Private Placement Life Insurance
In the following article, a brief discussion regarding private placement life insurance is provided. To know more about life insurance, of such a nature, read on.

About Variable Universal Life Insurance
Firstly, it is essential to know more about variable universal life insurance. A variable universal life insurance policy, often shortened to VUL, is exactly like a mutual fund. That is the premium paid by the insured person, is invested into various investment destinations by financial experts to obtain maximum rates of return. The word universal signifies that the investment can be anything under the sun, right from gold markets and mines to oil wells. Secondly, the word variable holds a greater significance. In case of any standard and normal policy, the insurance coverage, premium and periodic returns are fixed and disciplined by a legally bonding document. However, in case of variable universal life insurance, the monthly and yearly payments can be quite flexible, with the company demanding a maximum and minimum coverage. The coverage and the periodic returns on the other hand depends, and is calculated, on the basis of cash value that has accumulated in the policies account. This policy is a whole life insurance policy with the coverage extending for a lifetime. Apart from that, the death benefit that is given to the family is also in proportion to the cash value. In some cases, the death benefit and returns also depend on the performance of the cash value.
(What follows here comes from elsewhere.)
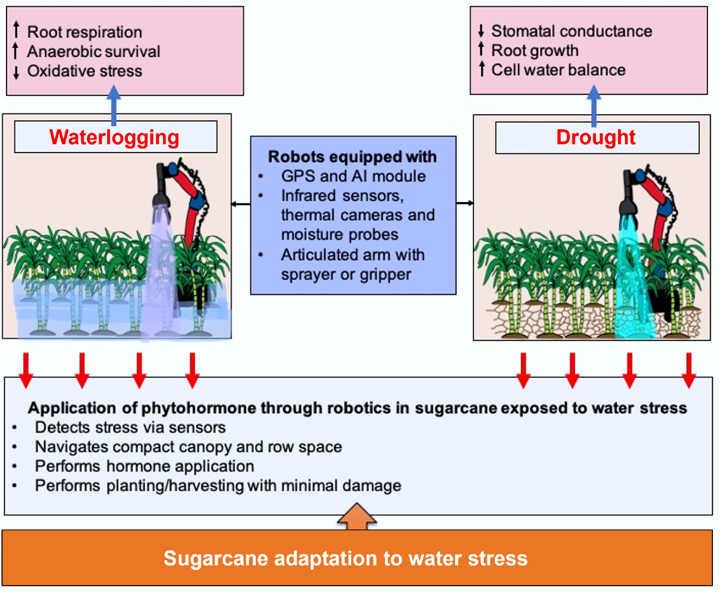 Collectively, these shortcomings underline the urgent need for precision hormone delivery systems that are adaptable to dynamic field conditions. Robotic platforms address conventional limitations through three core capabilities, viz., sensing and diagnostic, targeted application systems, and adaptive decision frameworks. Integration of agricultural robotics for exogenous phytohormone application in sugarcane for drought and waterlogging stress resilience helps enhance precision and efficiency. Robotics target sugarcane characteristics using a variety of innovative strategies that improve efficiency, minimize labour intensity, and maximize crop management (Fig. 4). The lengthy life cycle of sugarcane requires constant monitoring and labour-intensive measures. Self-driven robots are capable of moving around through dense sugarcane fields, finding their way around the compact row layout and compacted canopy that tends to impede hand inspection, thereby enabling regular monitoring throughout the long growth period[121]. During water deficit stress, robotic systems can monitor soil moisture content and water status of plants continuously using infrared sensors, cameras, and other technologies. Robots can deliver phytohormones like ABA or cytokinins to specific areas of the sugarcane fields when stress conditions are identified. The hormones improve drought resistance in the plant by regulating stomatal closure, stimulating root growth, and sustaining water balance in the cells. The robots' capability to penetrate the dense canopy of sugarcane and narrow row spaces enables them to target stressed plants precisely without causing damage. Robots used in sugarcane plantations are often equipped with advanced features like articulated arms with grippers to plant sugarcane sets correctly and manipulate plants gently so that they are not damaged. The robots also come with instructions to move along marked routes using lines or GPS to cover large fields systematically, with limited human involvement[121]. In addition, for waterlogging stress that negatively impacts oxygen levels in the supply to roots and overall plant well-being, robotic systems can identify early indicators of stress through real-time observations of soil saturation and plant reactions. Robots can then use phytohormones such as GA or ethylene inhibitors that assist plants in coping better with anaerobic environments, enhance root respiration, and mitigate toxic implications brought about by excess water. These treatments can mitigate yield loss and facilitate recovery from flooding stress[121]. These robots equipped with fuzzy real-time classifiers and vision systems, can detect leaf textures and variations that indicate weeds or plant health issues, even amidst the thick foliage[122]. This technological advantage accelerates field maintenance and reduces crop damage due to premature or imprecise interventions. Sugarcane's extended growth period can be enhanced through predictive modelling, supplemented by robot-based implementation. These predictions inform the robot schedules for irrigation, fertilization, or harvesting, dynamically adapting interventions to suit the long and variable development stages of sugarcane[123]. These predictions enable the robots to respond dynamically to changing field conditions, providing sugarcane plants with the right support to survive phases of waterlogging or drought. Autonomous robots, similar to the solar-powered Variable Swath herbicide Applicator, developed for weedicide application, can be adapted or designed to deliver phytohormones directly to sugarcane plants under drought and waterlogging stress conditions[124]. Kayode et al.[125] also developed a remote-controlled solar-powered pesticide sprayer vehicle which can be utilised for exogenous phytohormone foliar application in sugarcane to manage drought and waterlogging stress. These robots can be programmed to target specific zones within a field based on crop stress indicators, applying the correct dose of phytohormone only when required, thereby enhancing resource efficiency and crop resilience.

What is Private Placement Life Insurance
The definition of this insurance is exactly like variable universal insurance, the only difference being that the private placement insurance, is the nobility of life insurance policies. These policies usually, have no formal securities' registration and are granted to customers who provide massive annual or one time premium, and in return have unimaginable death benefit plus huge return rate, making it almost a quasi-investment fund. This is basically a custom-made policy of the variable universal life insurance policies. The agreement of the policy is often independently drafted out, hence the coverage, premium, returns and other such features are decided within the company and the insured client. In several cases such insurance coverage run over a couple of million dollars. The potential of this policy is such that it is often made to be an offshore investment, leading to two types of private placement policies, namely, offshore and domestic. The offshore ones are often connoted to be more profitable by the virtue of rate of returns. However, there is a bit of debate with regards to statutory implications and even the profitability of the same.
These policies nowadays are being eyed quite uneasily by certain governments due to the fact that they can be used for tax evasion, and also to hide out untraceable accounts. The private placement insurance, however, today remains a policy of the rich and famous.